Exercise requirements. Only one span of the listing below should come back. It runs from the line with "Low resolution map" through the line with "Melaleuca williamsii subsp.", and each of its lines must be reproduced exactly.
Data extracts section start
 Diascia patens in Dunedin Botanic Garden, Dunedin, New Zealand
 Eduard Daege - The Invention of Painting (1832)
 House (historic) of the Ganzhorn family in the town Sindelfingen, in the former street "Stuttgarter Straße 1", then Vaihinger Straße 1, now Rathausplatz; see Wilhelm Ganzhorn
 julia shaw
Data extracts section end
Data extracts section start
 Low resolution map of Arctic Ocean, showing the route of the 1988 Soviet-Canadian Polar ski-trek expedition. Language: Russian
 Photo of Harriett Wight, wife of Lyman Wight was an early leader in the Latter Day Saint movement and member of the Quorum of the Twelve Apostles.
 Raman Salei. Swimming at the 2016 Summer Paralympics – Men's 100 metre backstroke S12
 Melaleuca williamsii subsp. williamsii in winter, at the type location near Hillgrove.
Data extracts section end
Answer to this problem.
 Low resolution map of Arctic Ocean, showing the route of the 1988 Soviet-Canadian Polar ski-trek expedition. Language: Russian
 Photo of Harriett Wight, wife of Lyman Wight was an early leader in the Latter Day Saint movement and member of the Quorum of the Twelve Apostles.
 Raman Salei. Swimming at the 2016 Summer Paralympics – Men's 100 metre backstroke S12
 Melaleuca williamsii subsp. williamsii in winter, at the type location near Hillgrove.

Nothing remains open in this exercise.